More Brain Bleeds With Stroke Drug in 'Real World'

2014-05-29 00:00:001386

BOSTON -- In a real-world practice setting, the use of tissue plasminogen activator (tPA, Alteplase) results in a higher rate of intracerebral hemorrhage than was seen in the well-controlled clinical trials that led to widespread use of the treatment in stroke patients, researchers said here.

"Our rate of intracerebral hemorrhage of 15.6% was significantly greater as compared to the National Institutes of Neurological Disorders and Stroke (NINDS) tPA study group at 6.4% (P<0.05)," reported Amy Buxton, PA, and colleagues from Wagner College in New York City.

At the group's poster presentation during the annual meeting of the American Academy of Physician Assistants, co-author David Cookish, PA, also of Wagner College, told MedPage Today that the study included 173 consecutive patients who were treated for emergent stroke with tPA from 2006 to 2013 at the emergency department of Staten Island University Hospital.

"We think the reason we saw in our retrospective study a greater number of intracerebral hemorrhages may have been because many of the patients treated had higher NIHSS (National Institutes of Health Stroke Scale) scores at admission than [those that] were treated in the pivotal trial," Cookish said. The patients who had NIHSS score of 17 or higher were 60% more likely to bleed than individuals with a score of less than 17 on the stroke scale (P<0.001), he said.

Of the 27 patients who experienced intracerebral bleeds, 11 died -- an inhospital mortality rate of 40.7%; of the 146 patients included in the study who did not have an intracerebral hemorrhage, 0.7% died. Overall mortality was 6.9%.

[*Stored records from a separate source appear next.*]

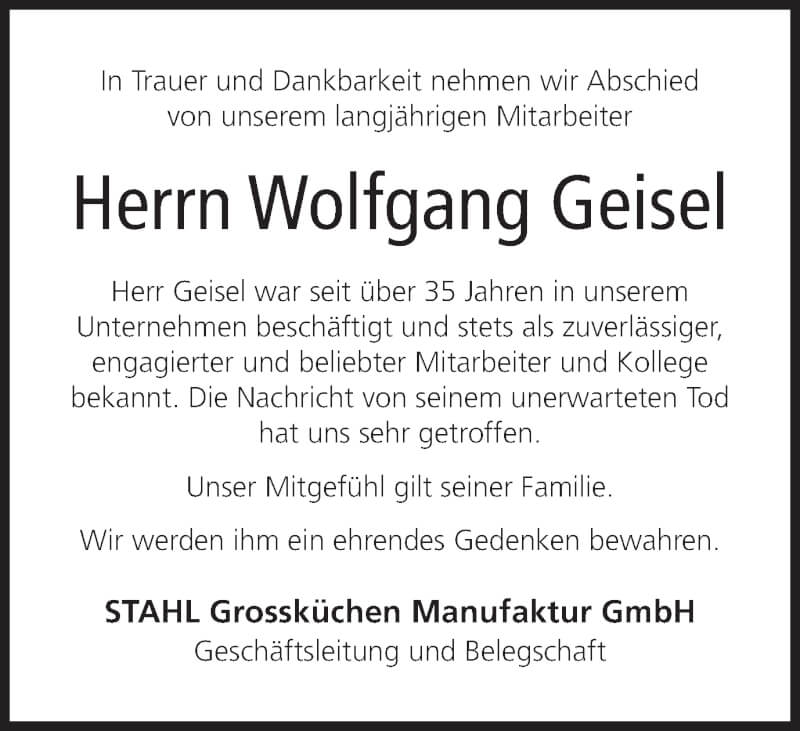 Hier finden Sie alle Traueranzeigen aus der Zeitung, die bisher für Wolfgang Geisel erschienen sind. Weitere Traueranzeigen, die in der Zeitung erscheinen, werden hier ebenfalls aufgelistet
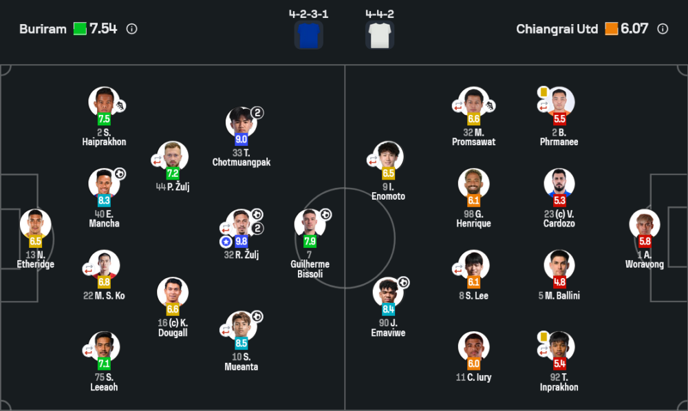 รูปเกมทั้ง 90 นาทีสะท้อนชัดจากตัวเลขในสนาม บุรีรัมย์ครองบอลเหนือกว่าชัดเจน จ่ายบอลกันลื่นไหลในแดนคู่แข่งแทบตลอดครึ่งหลัง จำนวนโอกาสยิงเข้ากรอบมากมายหลายครั้ง บางลูกชนเสาหรือถูกอภิรักษ์ซูเปอร์เซฟ ยังไงประตูที่ได้ถึง 8 ลูกถือว่าไม่เกินจริง ฝั่งเชียงรายมีจังหวะโต้กลับที่น่ากลัวอยู่ไม่กี่ครั้ง โดยส่วนใหญ่พึ่งความเร็วและการลากเลื้อยของเอ็มมาวีเวเป็นหลัก แต่เมื่อต้องตั้งเกมบุกเองกลับเจอแนวรับเจ้าถิ่นปิดพื้นที่หมด การฟาวล์ตัดเกมและใบเหลืองหลายครั้งยิ่งทำให้ทีมเยือนเสียจังหวะไล่คืน และปล่อยให้บุรีรัมย์เดินเกมสบายเท้าจนสกอร์ไหล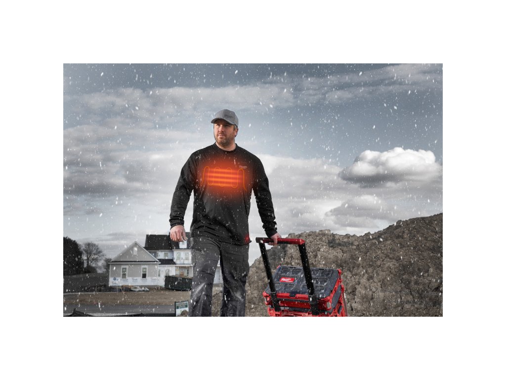Vyhřívané tričko Milwaukee s konstrukcí střední hmotnosti z trvanlivého materiálu odolného proti vytváření žmolků udržuje tělo v teple a suchu.- Úplné vyhřátí do 2,5 minuty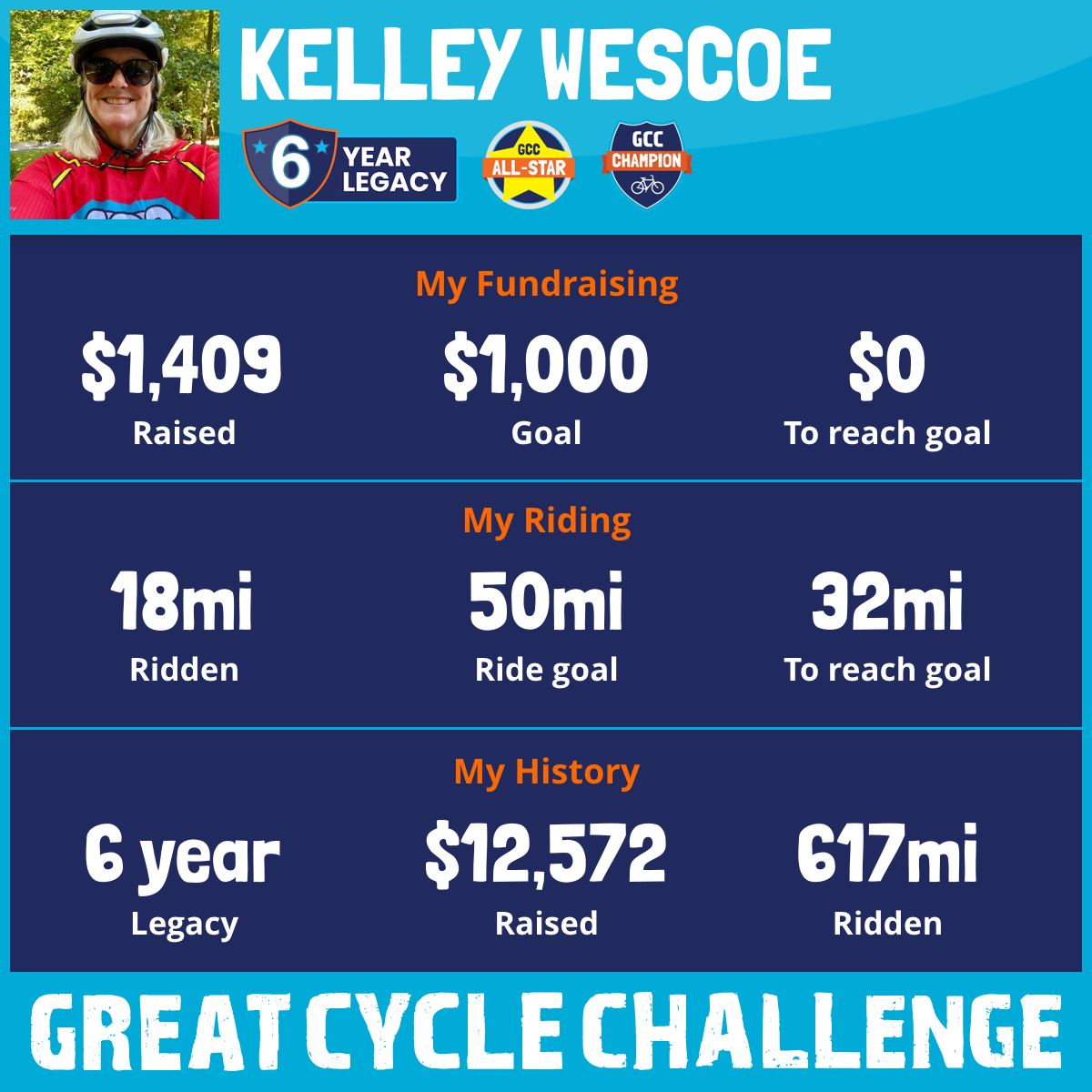 For the sixth year in a row, I am taking part in the Great Cycle Challenge to fight kids' cancer! The past five years I have ridden 599 miles. And along with my sponsors, I have raised $11,163 for the Children's Cancer Research Fund. I can't do this without YOU!

Buxton told MedPage Today, "We think one of the strengths of our study was that we included all comers to give us a better idea of patient outcomes in a real practice. For example, in the clinical trials patients over 80 years of age were treated; one of our patients in our study was 97."

The researchers excluded 57 patients of the total of 230 identified in the chart review, said Joanne Comber, PA, also of Wagner. The patients were excluded if the NIHSS score was not included in the chart, if the patients suffered a stroke after being admitted for a different medical reason, or if they were transported to another facility after receiving tPA therapy at the initial hospital.

"We recommend universal implementation of the NIHSS score before thrombolytic therapy and excluding patients with severe strokes -- NIHSS 17 or greater -- from receiving thrombolytic therapy," Cookish said. He added, the chances of a person with a severe stroke deriving benefit from tPA is minimal, but the risk of making things worse appears to be high.

"I think these findings are what you would expect to see in the real world," said David Jackson, DHSc, PA, associate professor and clinical coordinator of the New York Institute of Technology physician assistant studies program in Old Westbury.

"The 6.4% rate of intracerebral hemorrhage is what is seen in carefully, well-controlled patients in a pivotal clinical trial, and the 15.6% rate is what is seen in real-world settings where there may be patients entered later in the trial or people who are older than those in the trial," he told MedPage Today. Jackson was not a participant in the Wagner study.

Comber told MedPage Today that the risk of intracerebral hemorrhage did not appear to correlate with the time to treatment after first symptoms appeared. Age, a history of atrial fibrillation, and NIHSS scores appeared to correlate with intracerebral hemorrhage.

Buxton, Comber, and Cookish are recent graduates of the Wagner physician assistants studies program.